No, I know, and I'm trying not to let myself just be paralyzed by it all. The part that is frustrating me is that society bent over backwards to protect "the most vulnerable" in the early days of the pandemic, but since then we've decided there's "no appetite" for those kinds of measures anymore. "Vaccines are available," so kids should be in school. "We're all going to get it eventually, might as well just accept that." "Most young kids don't even get that sick."
I don't know. The defeatist shrugs, the throngs of people flooding into town for college football while the National Guard has to be deployed at the local children's hospital, reduced isolation requirements, the goddamn high school principal revealing to some of the students that * HE'S * NOT * VACCINATED *, are just so dissonant. We did what we were supposed to do! We masked! We got our shots! We stayed home! We gave up time with family and friends! And now...what? Maybe he'll get it and maybe he won't, good luck?
I know my family is still lucky. Nobody has been sick, we're all doing okay, blah blah blah. I'm just frustrated by the situation at large and having trouble not seeing it through the lens of my own kid.

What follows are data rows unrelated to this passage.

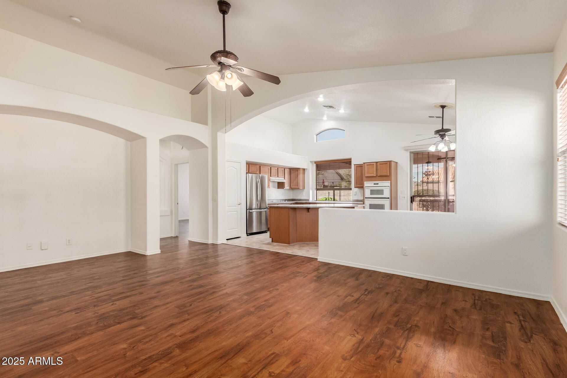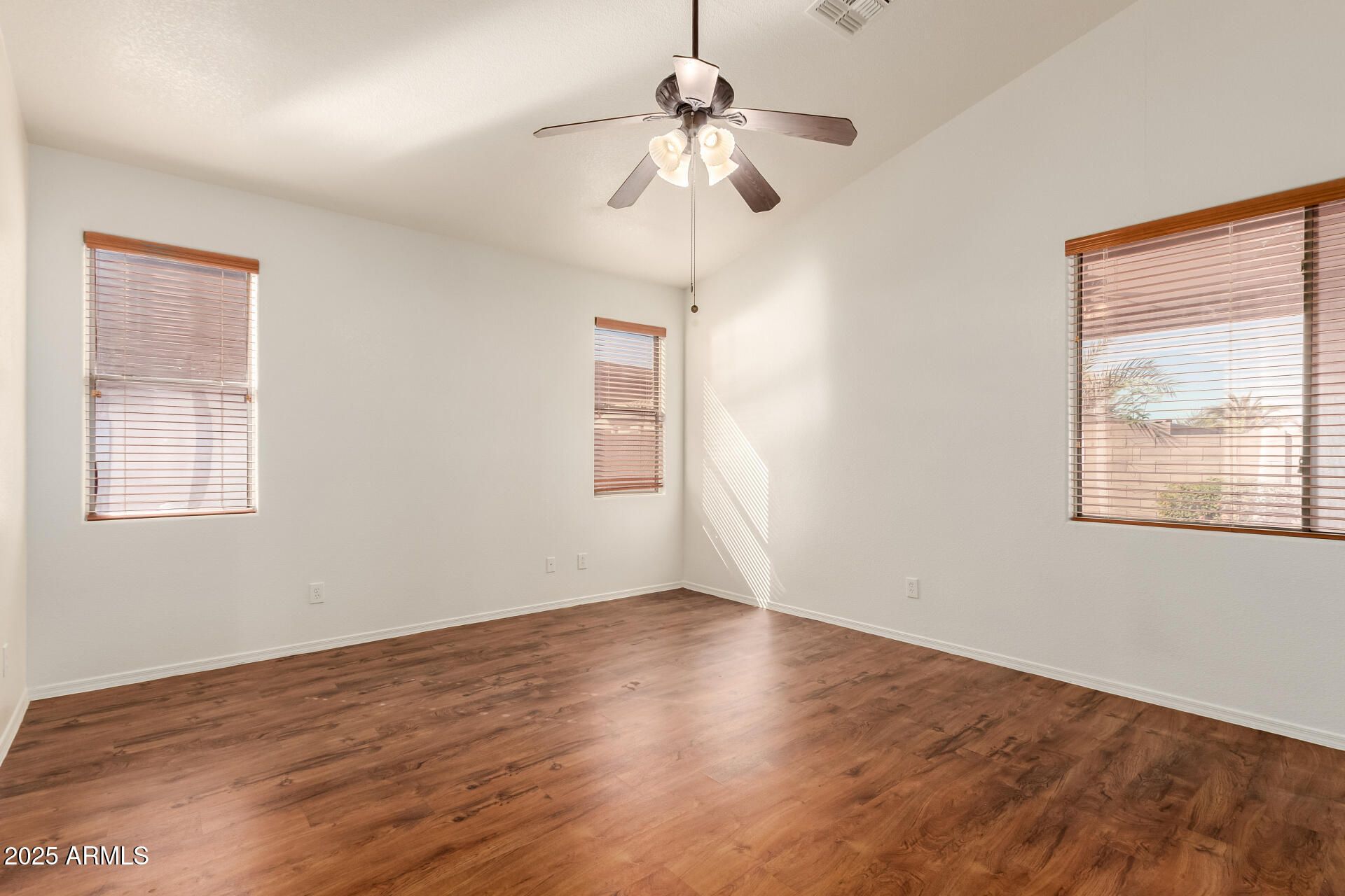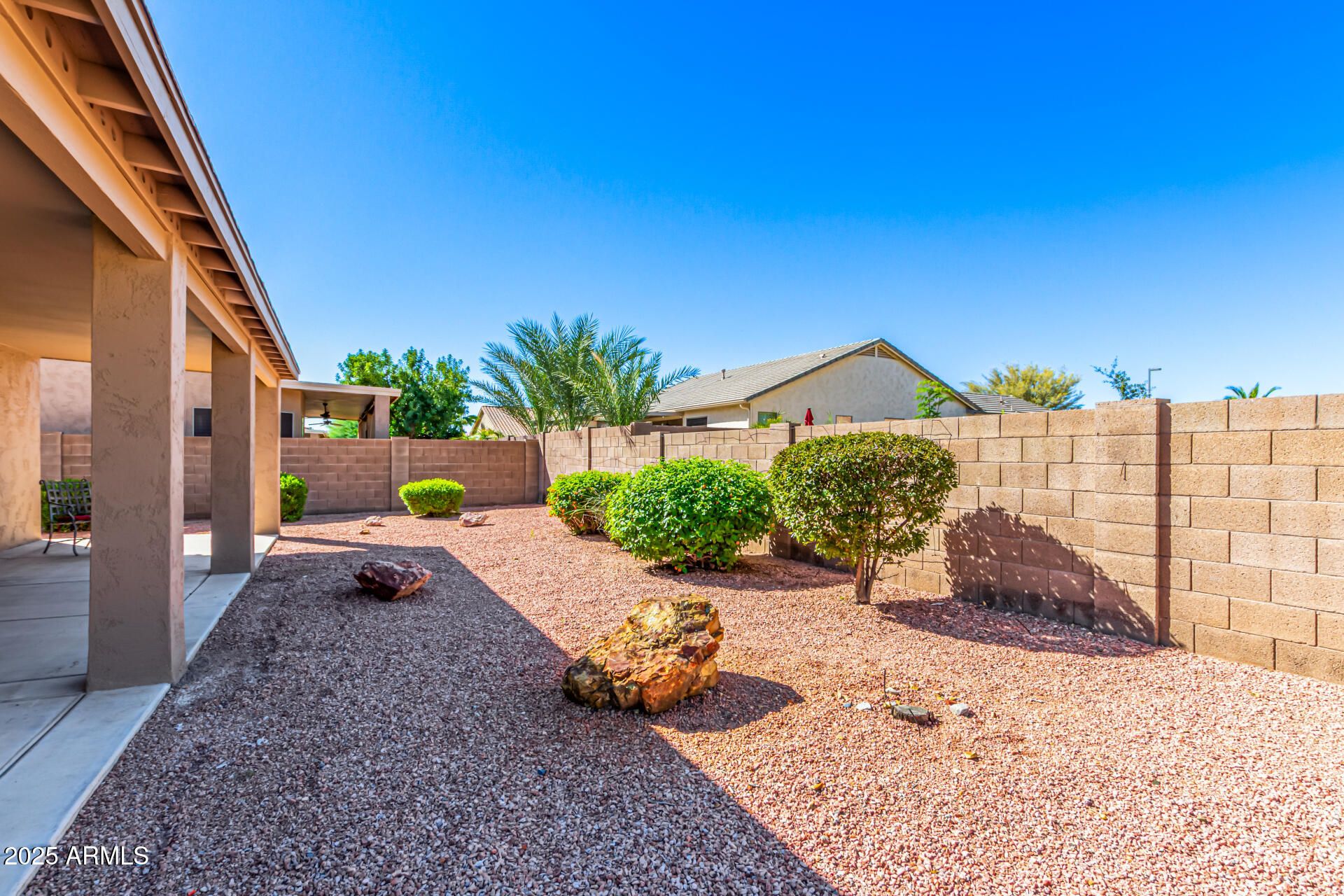 Welcome to your dream home in the vibrant 55+ community of Arizona Traditions! This charming 2-bedroom home with a den has been freshly painted inside and out, ready for you to make it your own.Step inside to find a bright and inviting living room with vaulted ceilings and beautiful wood-look flooring. The den is perfect for a home office or reading nook. The kitchen shines with built-in wall ovens, neutral cabinetry, a pantry, and a center island with a breakfast bar for casual dining.Retreat to the main bedroom, featuring a private bathroom with dual sinks and a walk-in closet. Enjoy relaxing moments in the backyard under the covered patio—perfect for morning coffee or evening unwinding.See more
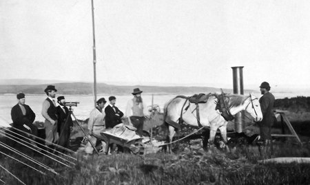 Locals helping expedition members set up water casks for the photographic house at Port Hutt, Chatham Islands. Source: Library Company of Philadelphia.
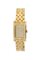 Cassa dorata di forma rettangolare. Quadrante con numeri arabi ed indici applicati. Bracciale
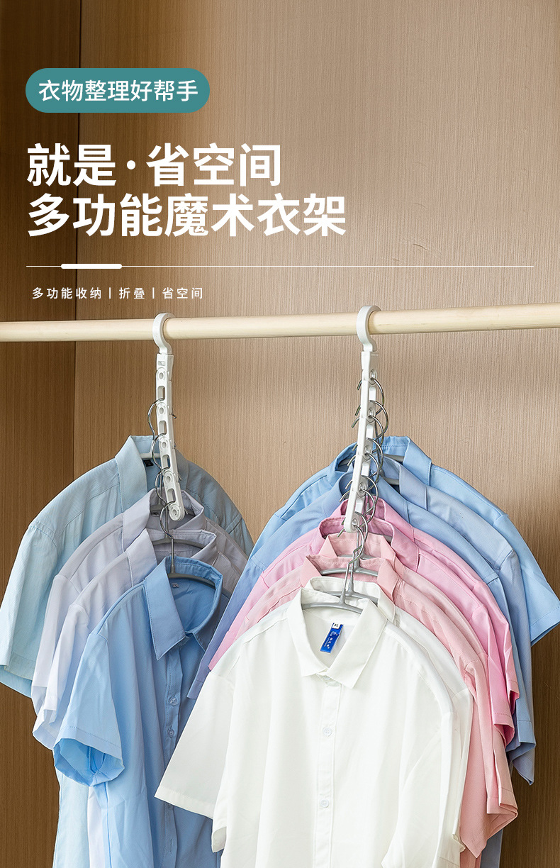 批发蛇形折叠魔术九孔衣架家居宿舍收纳好物省空间可叠挂塑料衣架
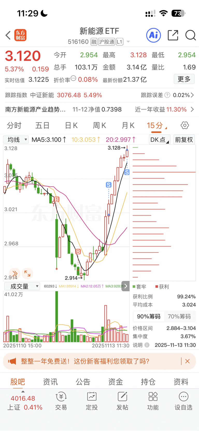$新能源ETF(SH516160)$ 主力我加仓的筹码卖了,等你给我抬轿子
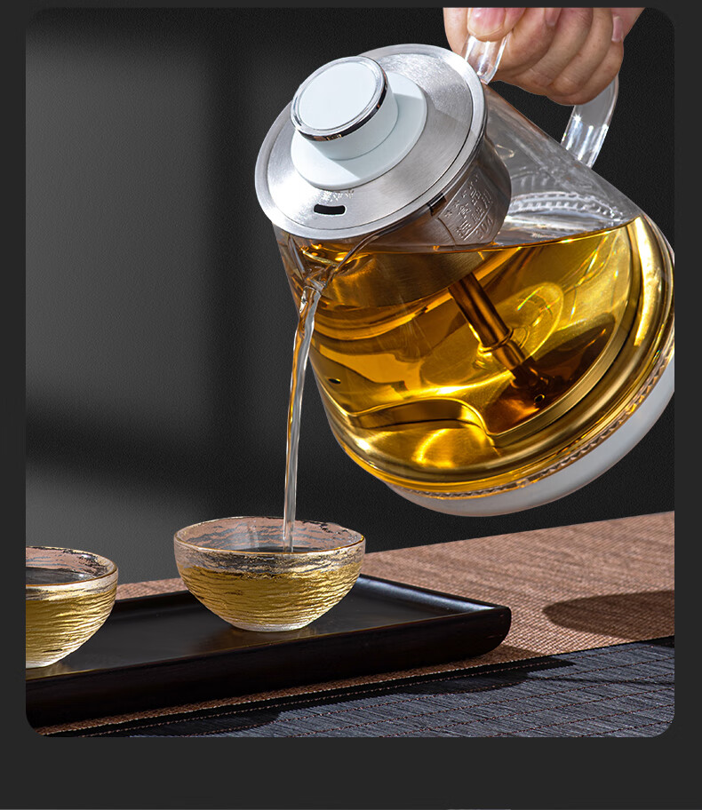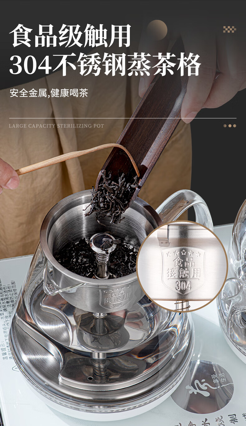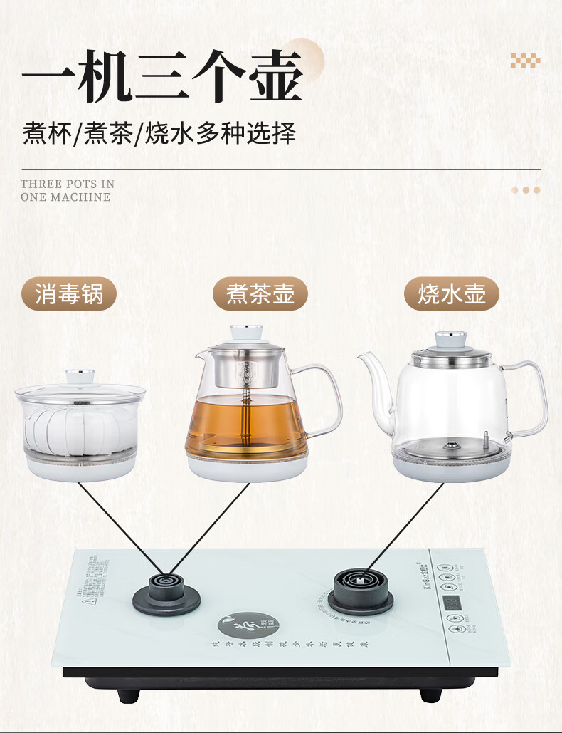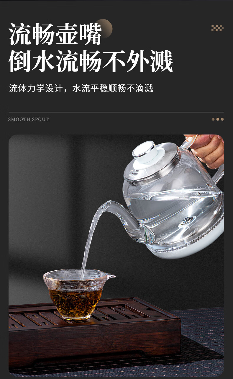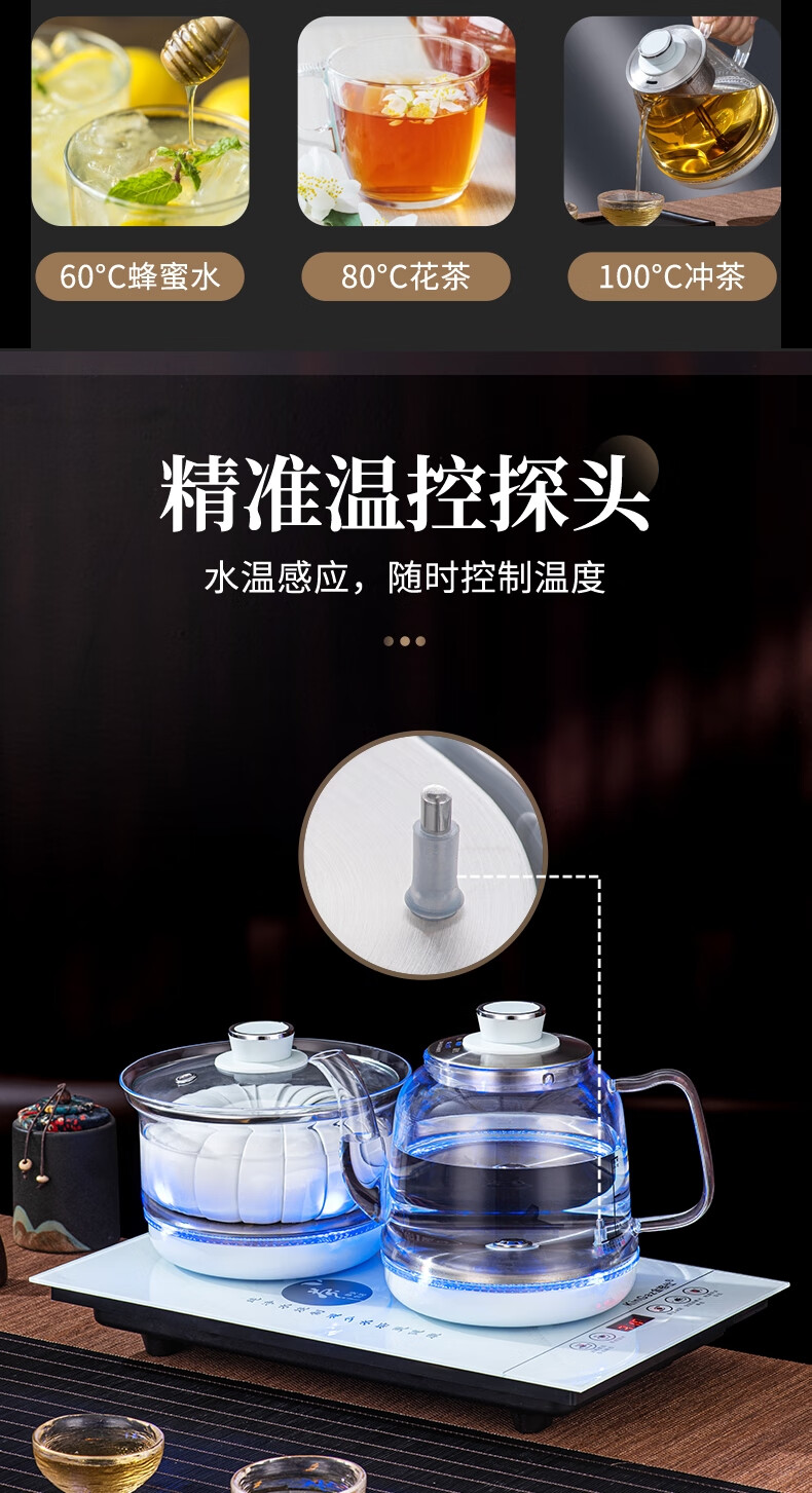 金格仕(KinGaz)自动上水茶台嵌入式烧水壶 37X23大理石纹路玻璃面板底部上水电热水壶家用玻璃茶台一体电茶炉 1L 大理石纹【23X37】白色-蒸茶款
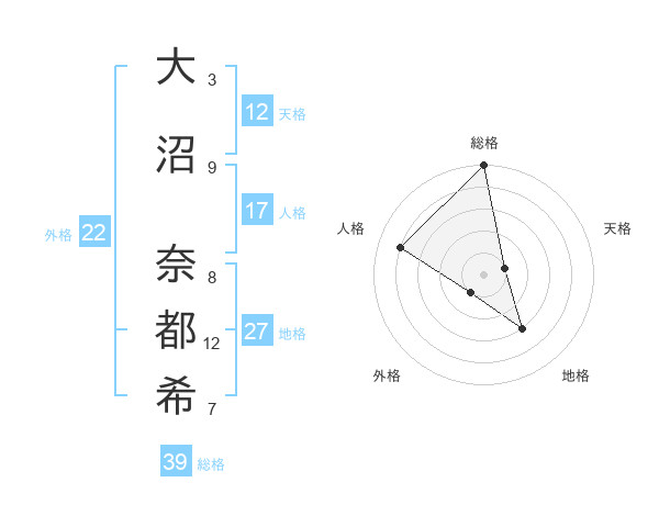 大沼 奈都希さんを姓名の画数から五運を鑑定
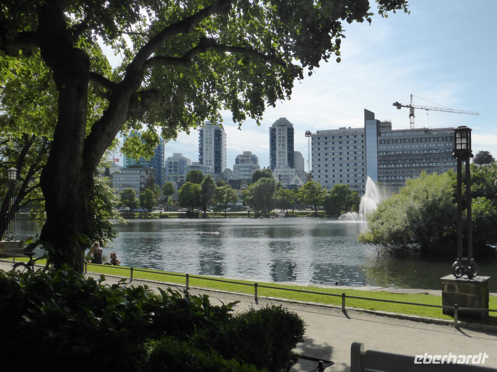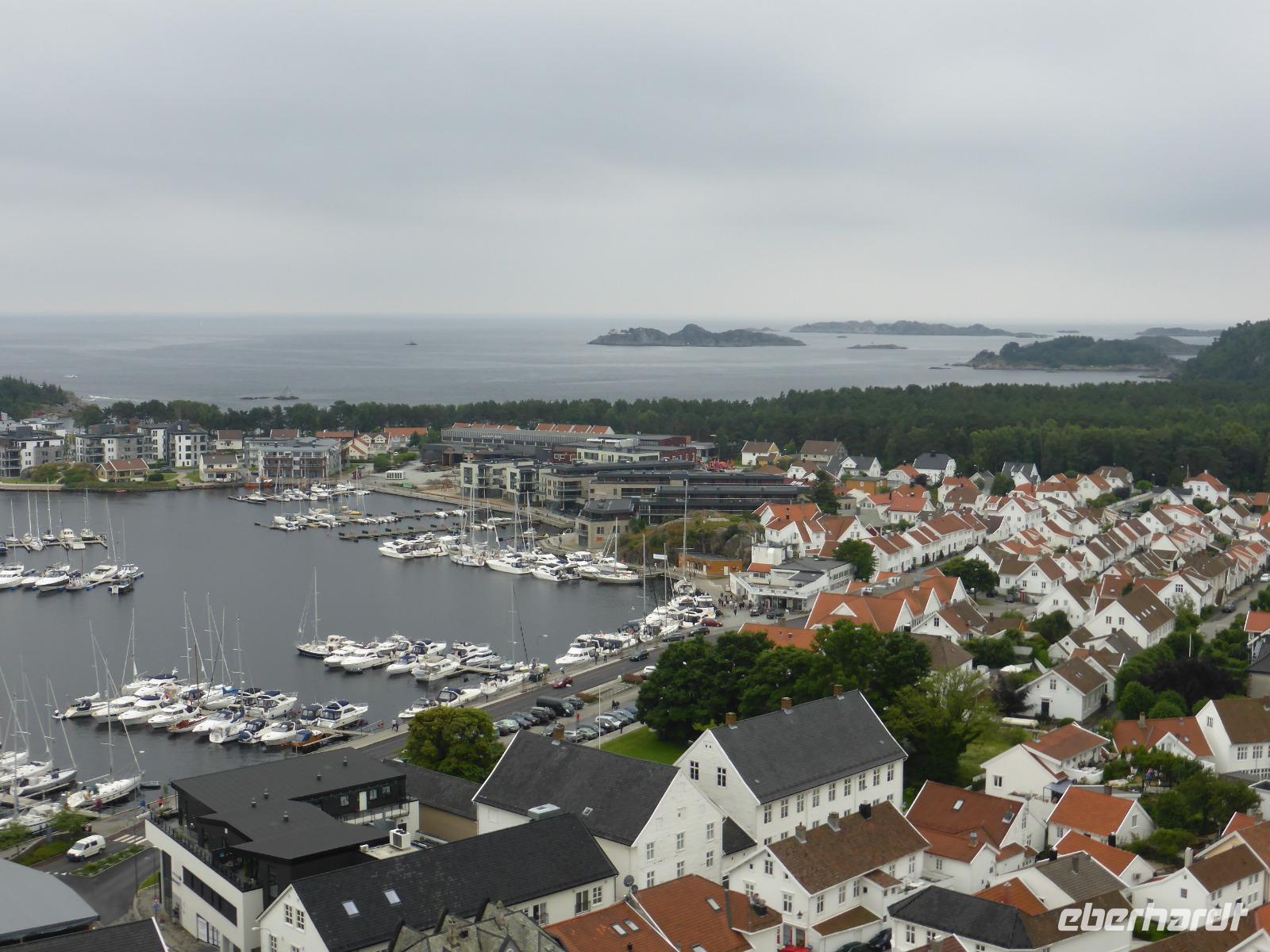 Nach einem Fotostopp am Magma-Geopark erreichten wir Flekkefjord. Zu beiden Seiten des Flusses Danneviga schmücken weiße Holzhäuser das Stadtbild des hübschen und sauberen kleinen Ortes. In der Freizeit spazierten wir vom kleinen Yachthafen am Lafjord bis zur Holzkirche der einstigen „Holländerstadt". Von Flekkefjord aus ging es dann weiter zum Rasthof Veikro/ Vikesa, welcher sich an einem See liegend, fantastisch für unser Picknick eignete. Zuerst nieselte es noch ein wenig, doch nach dem Ende der Vorbereitungen und passend zur Essen-Freigabe hörte es auf. Nach dem Picknick fuhren wir zum Anleger der Rødne-Fjordcruise nach Stavanger. Die Fahrt mit dem Ausflugschiff „M/S Rygertroll" zum Lysefjord war ein Erlebnis. Wir hatten Glück mit dem Wetter und konnten den Prekestolen sehr gut sehen. Zurück in Stavanger bummelten wir durch Alt-Stavanger mit seinen Holzhäuschen, kleinen Vorgärten und Gaslaternen. Hier wohnten im 18./19. Jh. die Fischer, Seeleute und Handwerker. Von Alt-Stavanger ging es dann zum Dom und in die Geschäftsstraßen. Unser Fahrer Jörg holte uns nach der Freizeit mit dem Bus ab und gemeinsam ging es zum Hotel. Unsere Koffer hatte Jörg bereits am Nachmittag ausgeladen und im Hotel untergestellt.
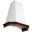 Особенно разнообразен ассортимент классических вытяжек с окантовкой из натурального дерева. Корпус таких моделей выполняется в спокойном белом или бежевом цвете, хорошо сочетающемся с оттенками натурального дерева — мореного дуба, бука, вишни или ореха. Нередко для окантовки используется окрашенное дерево в тон с цветом купола: особенно популярны оттенки ванили, бежевый и кремовый. Иногда дерево специально оставляют неокрашенным, чтобы пользователь мог подобрать оттенок самостоятельно.
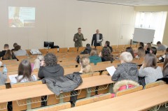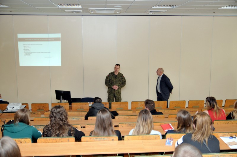 W spotkaniu uczestniczył mjr Konrad Radzik, Szef Wydziału Rekrutacji WKU w Rzeszowie, który zachęcał studentów to udziału zarówno w szkoleniu teoretycznym, jak i praktycznym. Opowiedział o zasadach oraz procedurze naboru kandydatów do projektu „Legia Akademicka”. Przybliżył też efektami i korzyściami, które można osiągnąć po ukończeniu szkolenia. – Macie państwo wiele możliwości. Najpierw jest kurs teoretyczny organizowany w trakcie semestru letniego. Drugim etapem jest kurs praktyczny. Macie do wyboru dwie możliwości: 21-dniowe szkolenia szeregowych rezerwy lub dwa razy dłuższe szkolenie podoficerów rezerwy. Ten kurs kończy się egzaminem i mianowaniem na stopień kaprala rezerwy. Ćwiczenia realizowane są w wytypowanych ośrodkach szkoleniowych Sił Zbrojnych RP w czasie tzw. przerwy wakacyjnej – tłumaczy mjr Konrad Radzik.

Our daycare provider texted us over the weekend and said that she and her older daughter have completed their 10-day isolation after getting sick, but now her younger daughter is positive and symptomatic.
...But she feels guilty for being closed down last week, so she's going to go ahead and be open this week and just tell her daughter to stay in her room during the business day. And the other parents said, OKAY.
I mean -- WHAT.
There's no right answers in any of this. Everybody's in a tough spot. Some of the other parents NEED our daycare to be open, and they need the service their money is paying for. It's the same at the macro level. I know. I get it. Still sucks.